Exactly the lines below, starting with the one containing "二、球形网架结构因其结构新颖" and going on through the one containing "KENDARI – Satuan", must be reproduced, both ends included, and no pictures with them.

AVAILABLE DATA:
■ ■ ■ ■

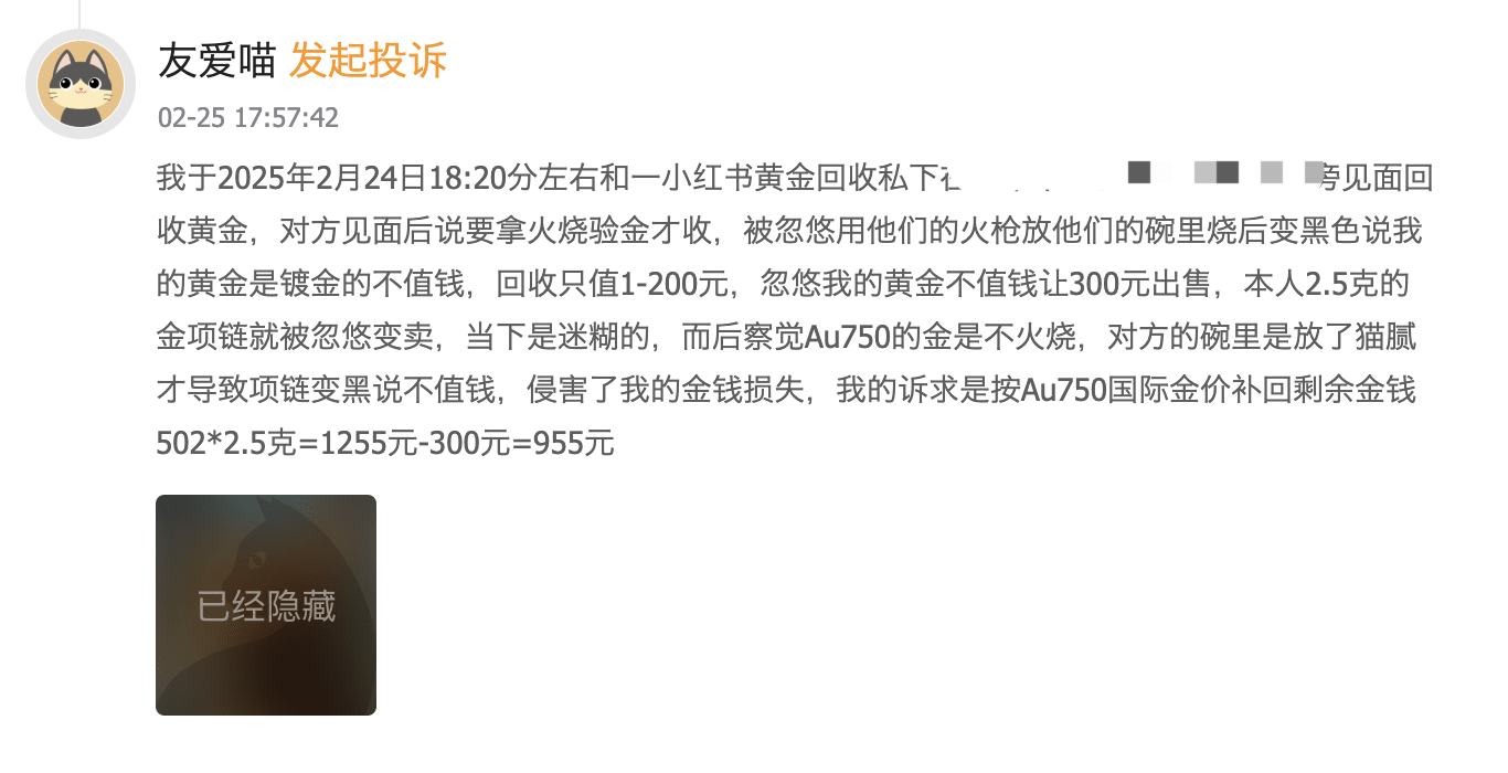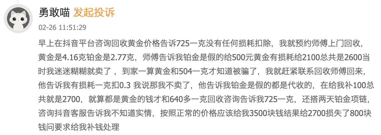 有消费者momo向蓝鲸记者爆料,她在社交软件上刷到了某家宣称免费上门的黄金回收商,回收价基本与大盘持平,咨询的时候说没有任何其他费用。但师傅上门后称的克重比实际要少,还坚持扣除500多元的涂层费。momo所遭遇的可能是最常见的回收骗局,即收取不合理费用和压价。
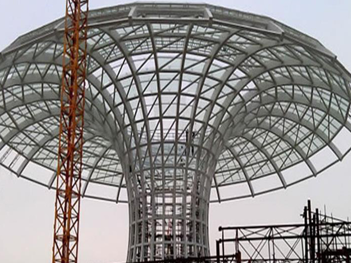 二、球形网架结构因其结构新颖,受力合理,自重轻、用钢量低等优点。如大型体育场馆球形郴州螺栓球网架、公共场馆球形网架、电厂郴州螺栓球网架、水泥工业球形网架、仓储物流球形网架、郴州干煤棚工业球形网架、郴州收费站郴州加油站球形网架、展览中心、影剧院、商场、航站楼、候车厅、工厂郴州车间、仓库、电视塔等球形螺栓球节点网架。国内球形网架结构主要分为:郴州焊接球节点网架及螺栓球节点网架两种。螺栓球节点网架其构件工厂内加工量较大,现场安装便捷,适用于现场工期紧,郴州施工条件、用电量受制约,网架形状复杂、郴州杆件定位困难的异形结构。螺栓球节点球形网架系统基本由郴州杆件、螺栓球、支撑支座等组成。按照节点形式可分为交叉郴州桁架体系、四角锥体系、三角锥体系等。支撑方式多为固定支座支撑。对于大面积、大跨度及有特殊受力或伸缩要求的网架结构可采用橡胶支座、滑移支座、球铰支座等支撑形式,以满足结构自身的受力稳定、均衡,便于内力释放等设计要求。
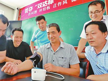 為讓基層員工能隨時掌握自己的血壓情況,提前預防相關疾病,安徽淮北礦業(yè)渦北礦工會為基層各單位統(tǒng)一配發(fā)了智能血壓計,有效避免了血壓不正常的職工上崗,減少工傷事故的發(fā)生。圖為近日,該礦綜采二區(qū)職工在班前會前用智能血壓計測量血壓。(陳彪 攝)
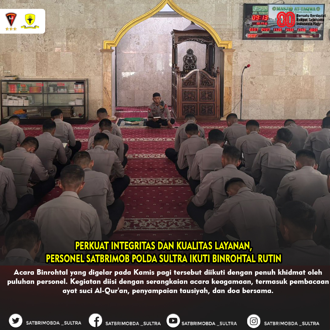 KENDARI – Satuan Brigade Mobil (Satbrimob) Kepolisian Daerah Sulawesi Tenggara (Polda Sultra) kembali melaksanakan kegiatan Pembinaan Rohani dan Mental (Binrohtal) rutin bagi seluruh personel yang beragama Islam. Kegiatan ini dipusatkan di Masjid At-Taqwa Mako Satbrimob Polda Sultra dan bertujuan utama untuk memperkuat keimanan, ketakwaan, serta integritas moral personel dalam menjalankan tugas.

■ ■ ■ ■

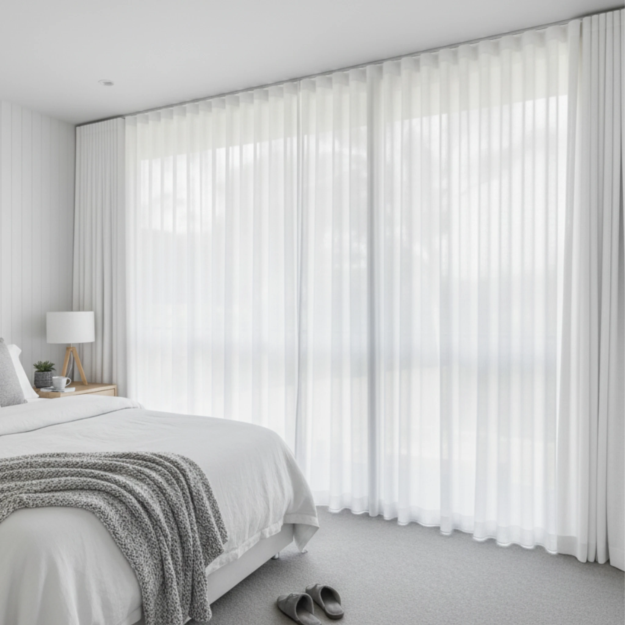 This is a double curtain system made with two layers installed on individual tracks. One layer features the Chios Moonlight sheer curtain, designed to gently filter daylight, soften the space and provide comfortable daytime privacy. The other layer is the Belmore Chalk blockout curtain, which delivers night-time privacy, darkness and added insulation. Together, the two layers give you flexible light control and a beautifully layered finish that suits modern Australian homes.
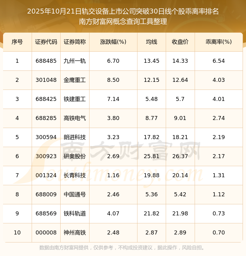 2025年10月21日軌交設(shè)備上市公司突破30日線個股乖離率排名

■ ■ ■ ■

RESPONSE AREA:
 二、球形网架结构因其结构新颖,受力合理,自重轻、用钢量低等优点。如大型体育场馆球形郴州螺栓球网架、公共场馆球形网架、电厂郴州螺栓球网架、水泥工业球形网架、仓储物流球形网架、郴州干煤棚工业球形网架、郴州收费站郴州加油站球形网架、展览中心、影剧院、商场、航站楼、候车厅、工厂郴州车间、仓库、电视塔等球形螺栓球节点网架。国内球形网架结构主要分为:郴州焊接球节点网架及螺栓球节点网架两种。螺栓球节点网架其构件工厂内加工量较大,现场安装便捷,适用于现场工期紧,郴州施工条件、用电量受制约,网架形状复杂、郴州杆件定位困难的异形结构。螺栓球节点球形网架系统基本由郴州杆件、螺栓球、支撑支座等组成。按照节点形式可分为交叉郴州桁架体系、四角锥体系、三角锥体系等。支撑方式多为固定支座支撑。对于大面积、大跨度及有特殊受力或伸缩要求的网架结构可采用橡胶支座、滑移支座、球铰支座等支撑形式,以满足结构自身的受力稳定、均衡,便于内力释放等设计要求。
 為讓基層員工能隨時掌握自己的血壓情況,提前預防相關疾病,安徽淮北礦業(yè)渦北礦工會為基層各單位統(tǒng)一配發(fā)了智能血壓計,有效避免了血壓不正常的職工上崗,減少工傷事故的發(fā)生。圖為近日,該礦綜采二區(qū)職工在班前會前用智能血壓計測量血壓。(陳彪 攝)
 KENDARI – Satuan Brigade Mobil (Satbrimob) Kepolisian Daerah Sulawesi Tenggara (Polda Sultra) kembali melaksanakan kegiatan Pembinaan Rohani dan Mental (Binrohtal) rutin bagi seluruh personel yang beragama Islam. Kegiatan ini dipusatkan di Masjid At-Taqwa Mako Satbrimob Polda Sultra dan bertujuan utama untuk memperkuat keimanan, ketakwaan, serta integritas moral personel dalam menjalankan tugas.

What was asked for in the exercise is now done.